Cause and effect are not closely related in time and space: We tend to address symptoms rather than root cause as symptoms are readily visible while the real causes might have occurred at a different time. The first step in correcting this mismatch is to let go of the notion that cause and effect are closely related in time and space.
Small changes can produce big results – but the areas of highest leverage are often the least obvious: We are usually tempted to go for familiar solutions to problems as they are the most obvious and easy to understand and implement. Understanding the system as a whole and deep analysis to identify the real underlying issue will help identify those small changes that have the potential to deliver the most.
You can have your cake and eat it too – but not at once: Sometimes the knottiest dilemmas, when seem from systems point of view, are not dilemmas at all. They may just be false dichotomies. For example, we might not have to make a choice between quality and cost. They may both go up in the short-term but reduced rework in the long-term can bring in the required cost savings.
Dividing an elephant in half does not produce two small elephants: Organizations are living systems that have integrity. Their character depends on the whole. Understanding the most challenging managerial issues require seeing the whole system that generates these issues. Dividing the system into silos can break this integrity.
There is no blame: We tend to blame “others” for our problems. Systems thinking shows that there is no separate “other”, that you and the “other” are part of a single system.
Understanding the learning disabilities and the laws of systems thinking has helped me getting to the root of many problems over the years. It also prevented me from falling into the trap of familiar solutions that provide short-term relief but lead to bigger problems in the long-term.
I began 2022 with Adam Grant‘s latest book “Think Again: The Power of Knowing What You Don’t Know“. This book is an invitation to let go of knowledge and opinions that are no longer serving us well, and to anchor our sense of self in flexibility rather than consistency. This also means abandoning some of our most treasured tools and some of the most cherished parts of our identity.
The key is “rethinking” – adopting mental flexibility to let go of our long held assumptions and have the courage to challenge our self-beliefs that might have led to success in the past but no longer relevant for the future. As an example, the COVID-19 pandemic has forced organizations to rethink the value of co-located teams working in close physical proximity all the time to deliver projects.
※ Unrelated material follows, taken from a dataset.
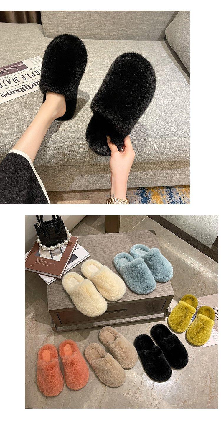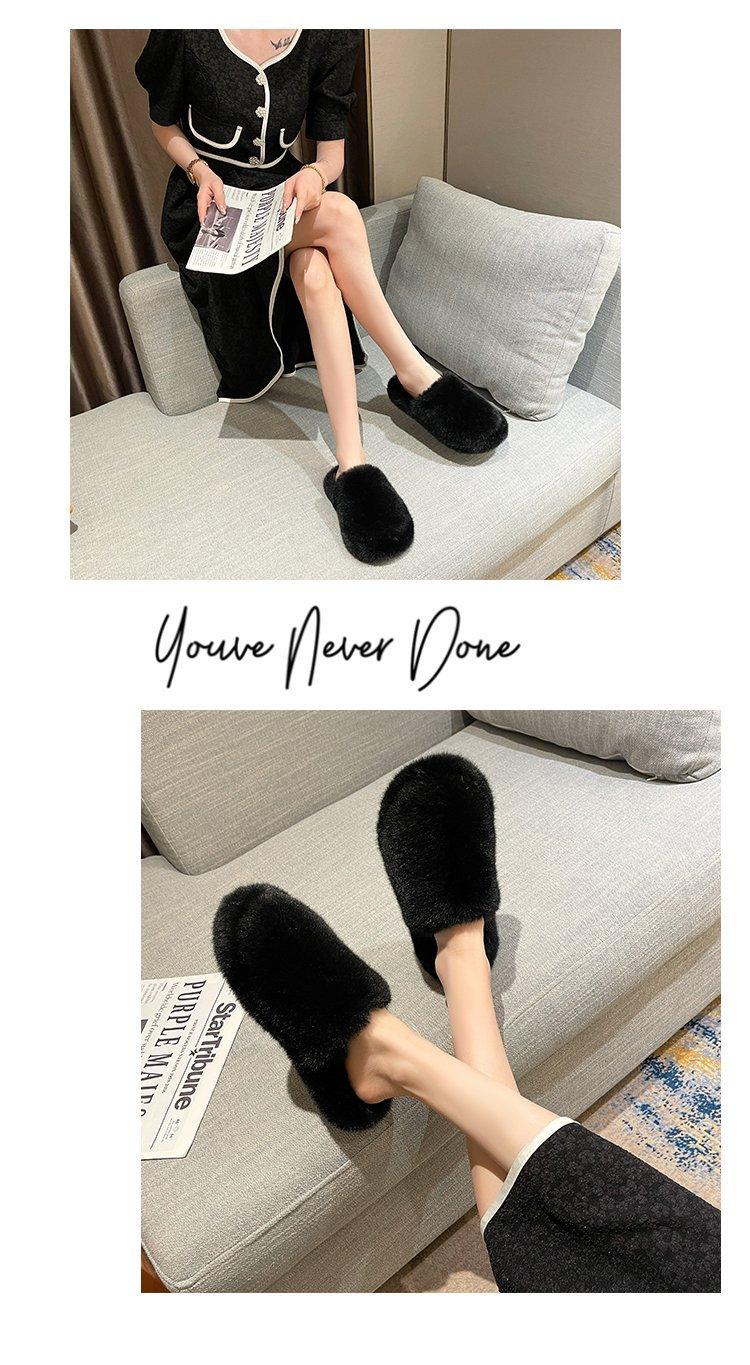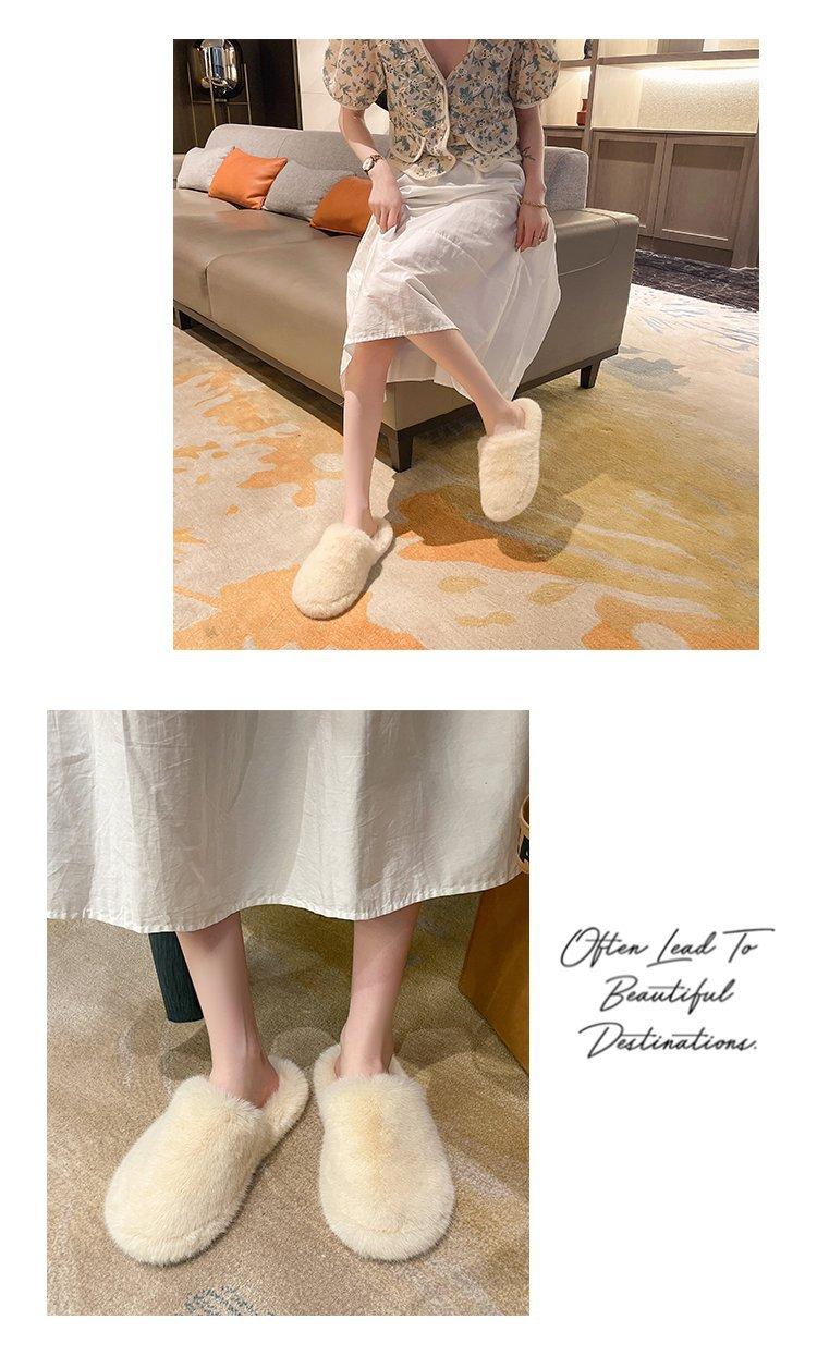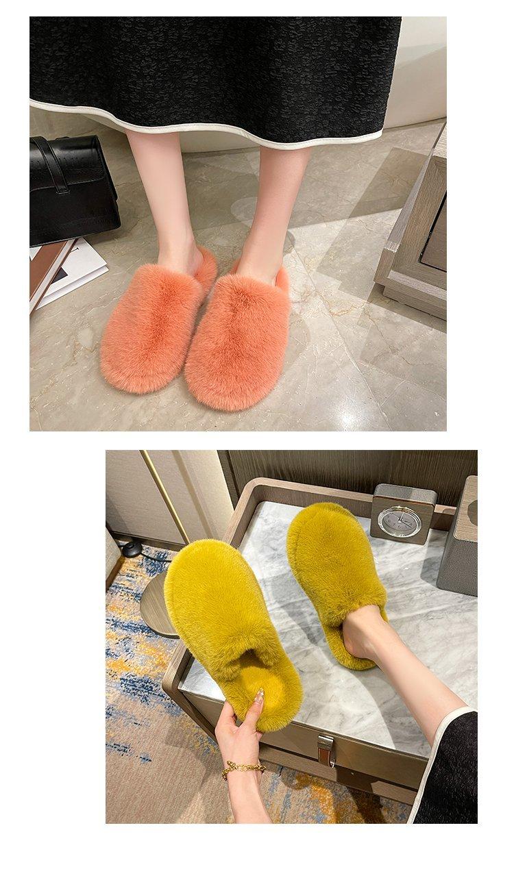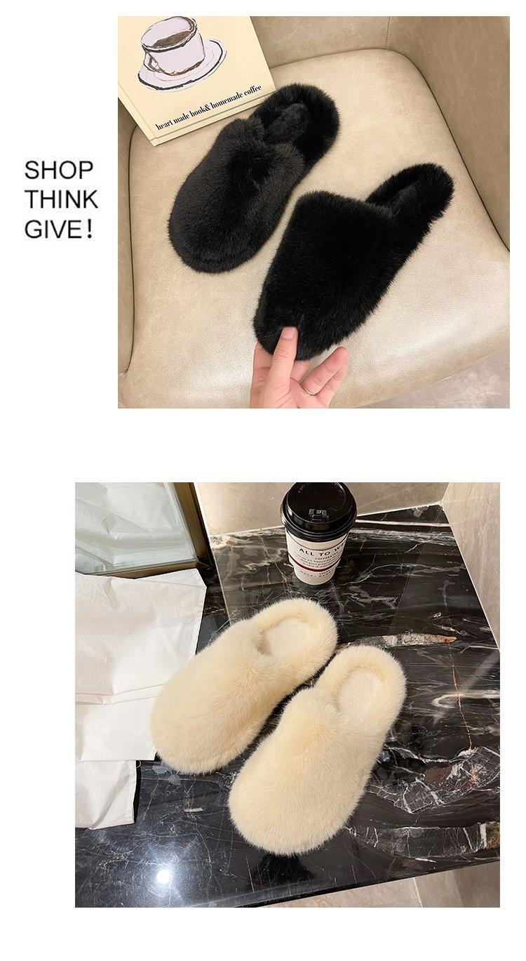 Pantuflas Exteriores de Felpa para Casa para Mujer 2025 Otoño e Invierno Nuevo Estilo Coreano Simple Moda Suela Suave Cómodas Zapatillas Peludas Perezosas

Instead, all organizations are now exploring the flexibility offered by remote work for people to balance their professional and personal goals better. Contrary to long held belief, many remote teams have been more productive working from home as they repurposed unproductive time spent on activities like the office commute. It does not mean that remote work will be the better option forever, we are certain to encounter new challenges and we need to rethink again to address them.
This book makes a case for rethinking at three levels – Individual, Interpersonal and Collective.
Individual Rethinking – Updating our own views:
A Preacher, a Prosecutor, a Politician and a Scientist walk into your mind: Our assumptions and beliefs often drive us towards two biases – Confirmation bias (seeing what we expect to see) and Desirability bias (seeing what we want to see). These biases contort our intelligence into a weapon against the truth. We find reasons to preach our beliefs more deeply, prosecute our case more passionately and ride the tidal wave of our political party. The tragedy is that we are usually unaware of the resulting flaws in our thinking. To avoid this conundrum, we should think like a scientist, and NOT like a preacher or a prosecutor or a politician. Thinking like a scientist requires searching for reasons why we might be wrong and revising our views based on what we learn.
The Armchair Quarterback and the Imposter – Finding the sweetspot of confidence: Knowledge on a topic leads to both competence and confidence, the balance between both of them will determine our personality. We need to be careful when we progress from being a novice to an amateur in a skill as this is the stage when we tend to become overconfident reaching the summit of what is called “Mount Stupid“. As we progress further towards becoming a professional, we realize there is a lot more to learn and usually become more humble. We should strive to reach a state of “Confident Humility” – having faith in our capability while appreciating that we may not have the right solution or even be addressing the right problem. This gives us enough doubt to reexamine our old knowledge and enough confidence to pursue new insights.
The Joy of being Wrong: Most of us are accustomed to defining ourselves in terms of our beliefs, ideas and ideologies. This can become a problem when it prevents us from changing our minds as the world changes and knowledge evolves. Our opinions become so sacred that we grow hostile to the mere thought of being wrong, and the totalitarian ego leaps in to silence counterarguments, squash contrary evidence and close the door on learning. Instead, it is better we define ourselves by our values. Values are our core principles in life – like respect, fairness, empathy, trust, courage, etc. Basing our identity on these kinds of principles enables us to remain open-minded and enjoy instances when were go wrong as opportunities to learn.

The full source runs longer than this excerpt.